Войска Наполеона перешли русскую границу и двигались вглубь страны. Дело иноземного изобретателя не требовало отлагательств. Александр I информирует графа Ростопчина, заменившего на посту столичного главнокомандующего Гудовича:
«…Теперь я перехожу к предмету, который вверяю вашей скромности, потому что в отношении к нему необходимо соблюдение безусловной тайны. Несколько времени тому назад ко мне обратился с изобретением очень искусный механик, которое может иметь весьма важные последствия. Во Франции делают всевозможные усилия, чтобы добиться открытия, которое, как кажется, удалось сделать этому человеку. Во всяком случае, следует сделать опыты, которые он предлагает. Дело стоит труда. Перед тем как отправить этого человека в Москву и желая, чтобы его работы проводились в полной тайне для всех, я не хотел передать это дело в руки фельдмаршала (Гудовича), опасаясь, чтобы доктор (Сальватор) не узнал об этом тотчас. Поэтому я поручил его губернатору Обрескову. Я пишу ему сегодня, что причина хранения тайны в отношении к генерал-губернатору прекращается с вашим назначением; я ему приказываю передать вам все бумаги, относящиеся к этому делу, которые у него находятся. Из них вы узнаете все подробности. Для того чтобы излишне не увеличивать числа лиц, причастных к этому делу, я решил, чтобы вы пользовались услугами Обрескова, который, уже знает обо всем, и тем дать ход делу. Я желаю, чтобы этот человек не являлся в ваш дом, но чтобы вы виделись с ним в месте, наименее привлекающем к себе внимание. Я рекомендую вам, чтобы вы проявили к нему некоторую заботу и сделали все зависящее от вас, чтобы облегчить возможность выполнить его дело, устраняя все препятствия. С фельдъегерем, который доставит вам это письмо, едут семь человек рабочих этого механика.

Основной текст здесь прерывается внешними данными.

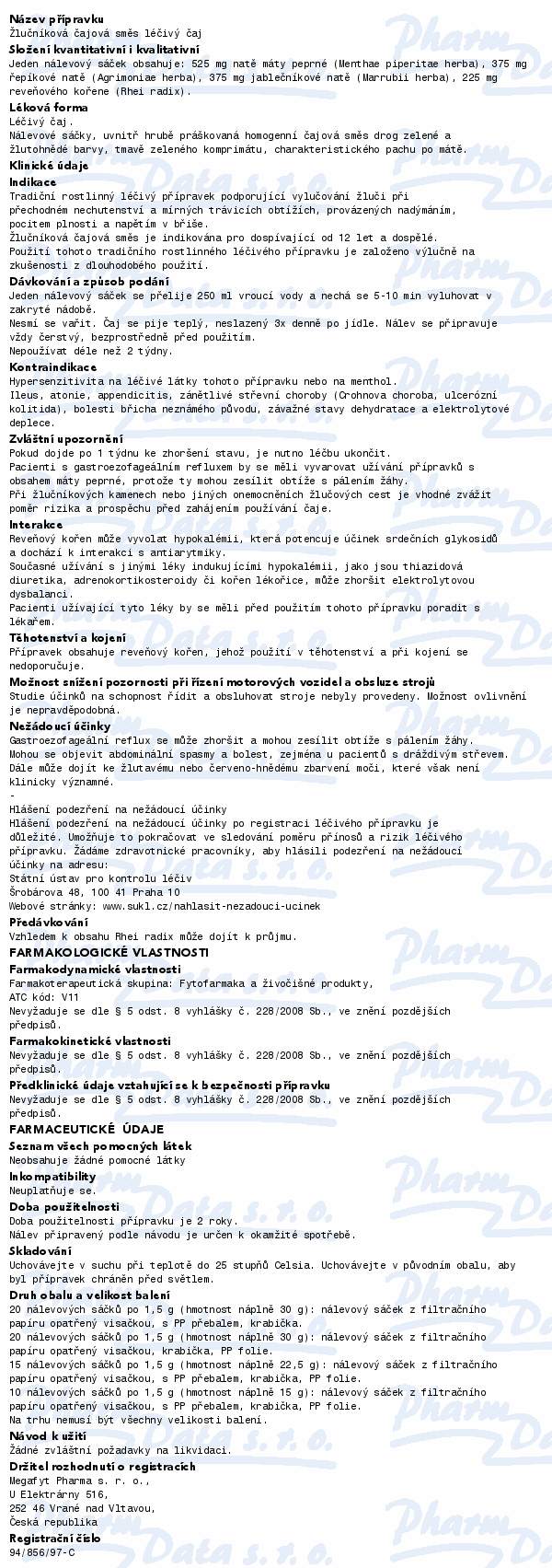 Tradiční rostlinný léčivý přípravek podporující vylučování žluči při přechodném nechutenství a mírných trávicích obtížích, provázených nadýmáním, pocitem plnosti a napětím v břiše. Čtěte pozorně příbalový leták.
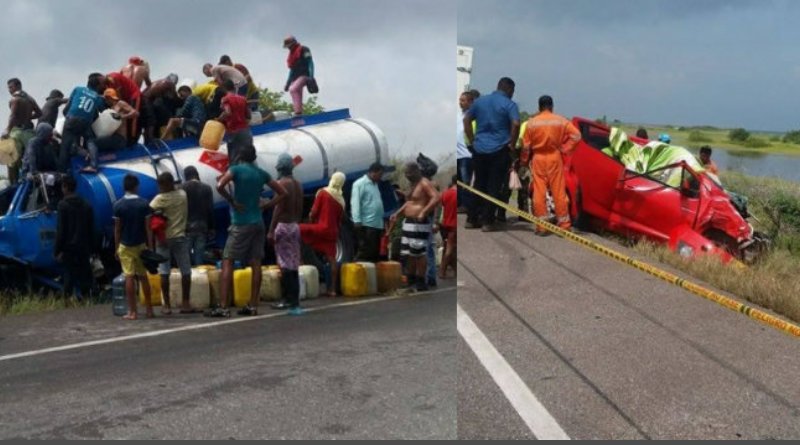 En horas de la mañana de este martes 11 de octubre se produjo el accidente en la Troncal del Caribe, donde se vieron involucrados el Chevrolet Spark Gt y el camión cisterna marca Dodge, los cuales se salieron de la vía.

Ему приказано не ввозить их в город до тех пор, пока вы не переговорили с Обресковым и не просмотрели всех бумаг, тогда вы ему укажите, куда он должен их доставить».
Граф Ростопчин немедленно стал выполнять императорскую волю. 14 мая под покровом ночи привезли в русскую столицу изобретателя, с целью конспирации дав ему иное имя – доктор Шмидт. В деревне Воронцово под Москвой, освободив от челяди постройки в усадьбе Е. Г. Репнина, оборудовали тайную мастерскую. В июле ее уже охраняли днем и ночью два офицера и полсотни солдат. К этому времени изобретатель получил из государственной казны семьдесят две тысячи рублей. Работа закипела…
Конечно же, таинственность происходящего вызвала у многих любопытство. Предполагали разное. Фабрикант Керияков, например, решив, что иностранец вырвал у военного ведомства выгодный заказ на пластыри для раненых, напрашивался к нему в компаньоны. Студент Шнейдер, впоследствии заслуженный профессор Петербургского университета, и купец-суконщик Данкварт, переодевшись и загримировавшись под рабочих, проникли на дачу к Репнину и пытались подсмотреть, что делает засекреченный иностранец. Ходили слухи, что в Воронцово действует «огневая фабрика», вырабатывают химическое «зелье», строят подводную лодку.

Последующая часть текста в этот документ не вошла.